Dataset records:
──────

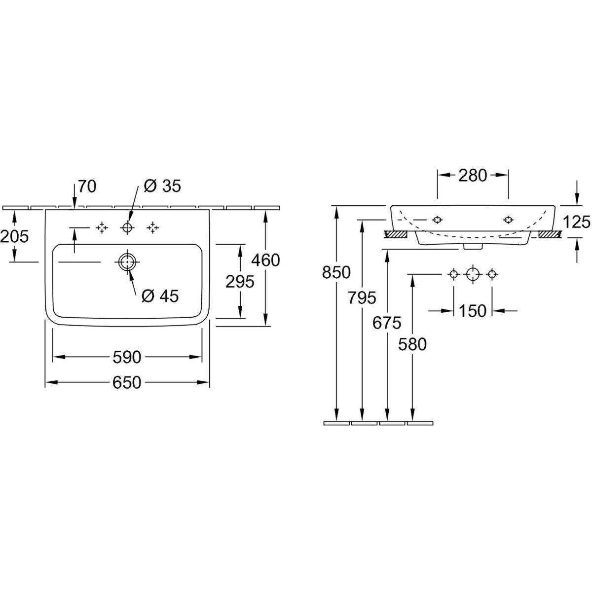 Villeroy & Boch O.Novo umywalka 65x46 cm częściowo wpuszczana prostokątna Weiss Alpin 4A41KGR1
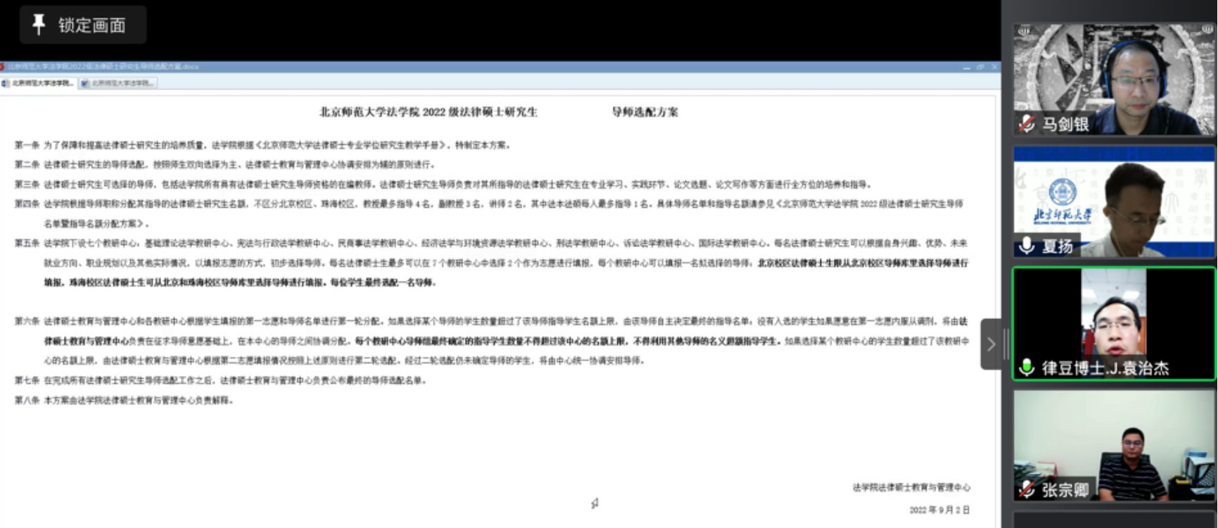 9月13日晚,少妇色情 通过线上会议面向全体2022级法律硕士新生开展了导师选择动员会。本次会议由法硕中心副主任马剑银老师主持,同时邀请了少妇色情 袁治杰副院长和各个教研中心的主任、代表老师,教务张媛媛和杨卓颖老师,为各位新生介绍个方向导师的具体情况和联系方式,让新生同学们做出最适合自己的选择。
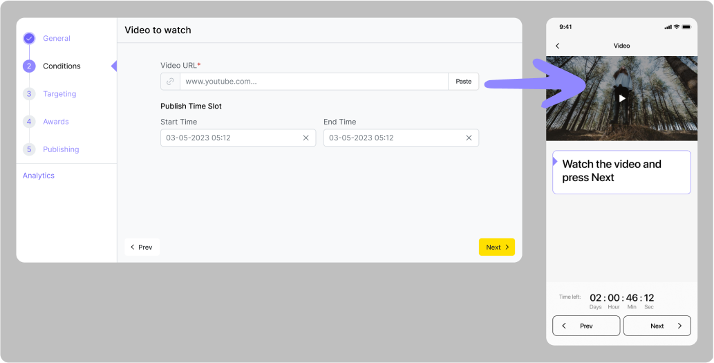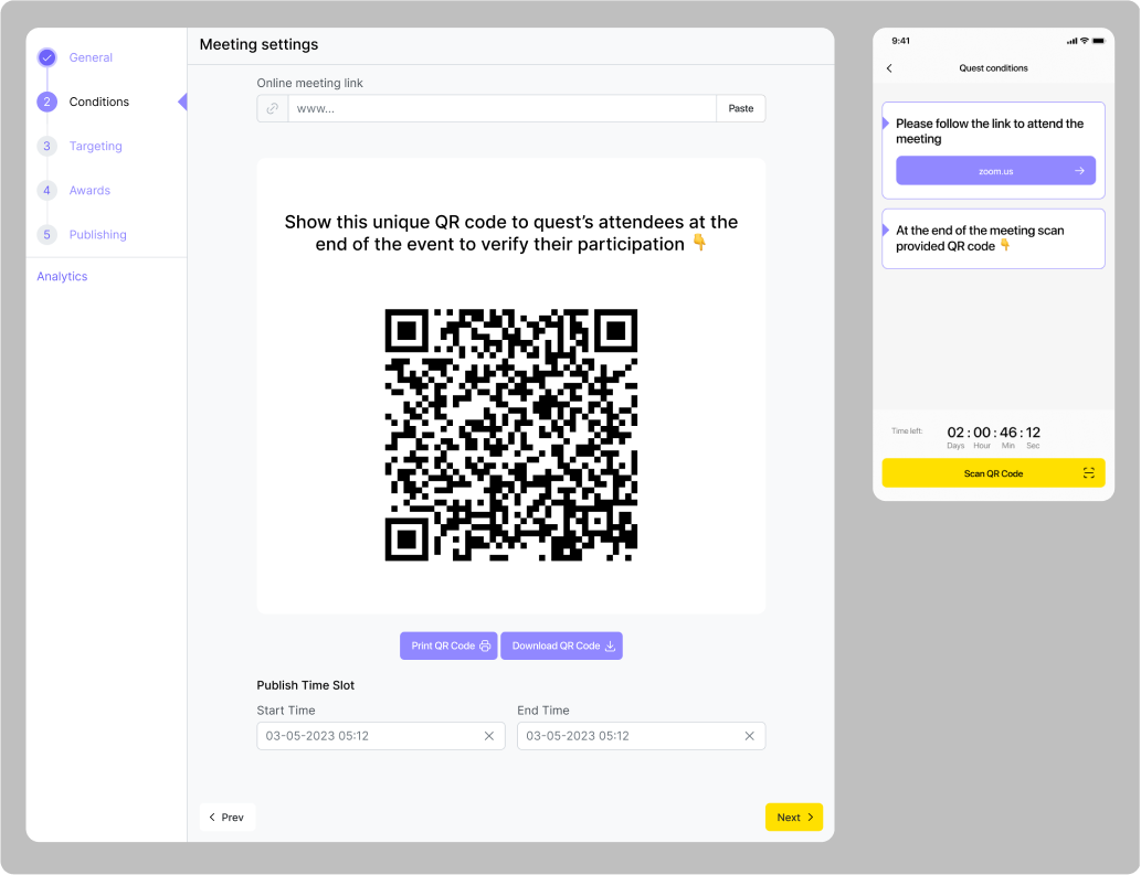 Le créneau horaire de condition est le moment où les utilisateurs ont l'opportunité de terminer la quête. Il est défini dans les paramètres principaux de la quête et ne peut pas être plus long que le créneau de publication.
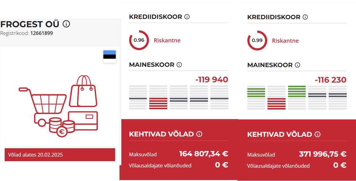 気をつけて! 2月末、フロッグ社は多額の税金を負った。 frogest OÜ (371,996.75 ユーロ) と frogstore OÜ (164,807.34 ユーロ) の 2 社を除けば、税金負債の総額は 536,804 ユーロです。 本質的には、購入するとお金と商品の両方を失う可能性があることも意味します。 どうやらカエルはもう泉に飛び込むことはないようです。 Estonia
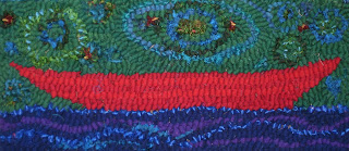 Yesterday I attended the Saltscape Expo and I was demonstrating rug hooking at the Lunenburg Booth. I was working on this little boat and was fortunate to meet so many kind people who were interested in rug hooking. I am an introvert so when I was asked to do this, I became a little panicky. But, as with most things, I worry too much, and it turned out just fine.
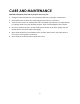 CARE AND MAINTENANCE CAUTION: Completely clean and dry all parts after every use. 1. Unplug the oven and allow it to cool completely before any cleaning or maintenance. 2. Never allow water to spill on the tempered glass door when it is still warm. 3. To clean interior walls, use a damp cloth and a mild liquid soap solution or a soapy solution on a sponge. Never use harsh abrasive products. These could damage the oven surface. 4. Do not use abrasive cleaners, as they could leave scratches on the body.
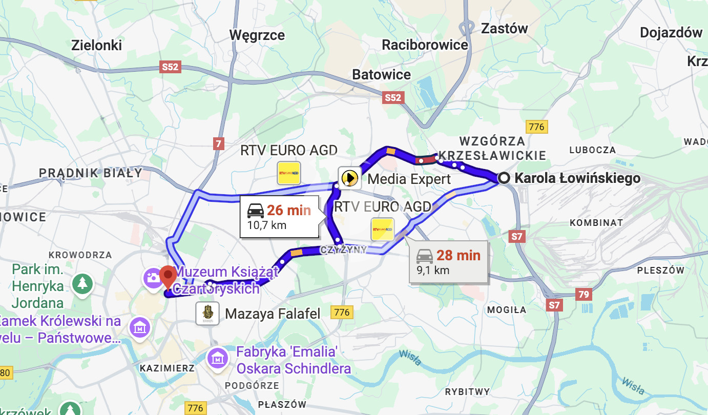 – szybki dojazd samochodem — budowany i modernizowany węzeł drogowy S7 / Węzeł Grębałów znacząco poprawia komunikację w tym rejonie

──────

Exercise:
Please retype all the entries word for word, omitting the pictures.

The answer:
 Villeroy & Boch O.Novo umywalka 65x46 cm częściowo wpuszczana prostokątna Weiss Alpin 4A41KGR1
 9月13日晚,少妇色情 通过线上会议面向全体2022级法律硕士新生开展了导师选择动员会。本次会议由法硕中心副主任马剑银老师主持,同时邀请了少妇色情 袁治杰副院长和各个教研中心的主任、代表老师,教务张媛媛和杨卓颖老师,为各位新生介绍个方向导师的具体情况和联系方式,让新生同学们做出最适合自己的选择。
 Le créneau horaire de condition est le moment où les utilisateurs ont l'opportunité de terminer la quête. Il est défini dans les paramètres principaux de la quête et ne peut pas être plus long que le créneau de publication.
 気をつけて! 2月末、フロッグ社は多額の税金を負った。 frogest OÜ (371,996.75 ユーロ) と frogstore OÜ (164,807.34 ユーロ) の 2 社を除けば、税金負債の総額は 536,804 ユーロです。 本質的には、購入するとお金と商品の両方を失う可能性があることも意味します。 どうやらカエルはもう泉に飛び込むことはないようです。 Estonia
 Yesterday I attended the Saltscape Expo and I was demonstrating rug hooking at the Lunenburg Booth. I was working on this little boat and was fortunate to meet so many kind people who were interested in rug hooking. I am an introvert so when I was asked to do this, I became a little panicky. But, as with most things, I worry too much, and it turned out just fine.
 CARE AND MAINTENANCE CAUTION: Completely clean and dry all parts after every use. 1. Unplug the oven and allow it to cool completely before any cleaning or maintenance. 2. Never allow water to spill on the tempered glass door when it is still warm. 3. To clean interior walls, use a damp cloth and a mild liquid soap solution or a soapy solution on a sponge. Never use harsh abrasive products. These could damage the oven surface. 4. Do not use abrasive cleaners, as they could leave scratches on the body.
 – szybki dojazd samochodem — budowany i modernizowany węzeł drogowy S7 / Węzeł Grębałów znacząco poprawia komunikację w tym rejonie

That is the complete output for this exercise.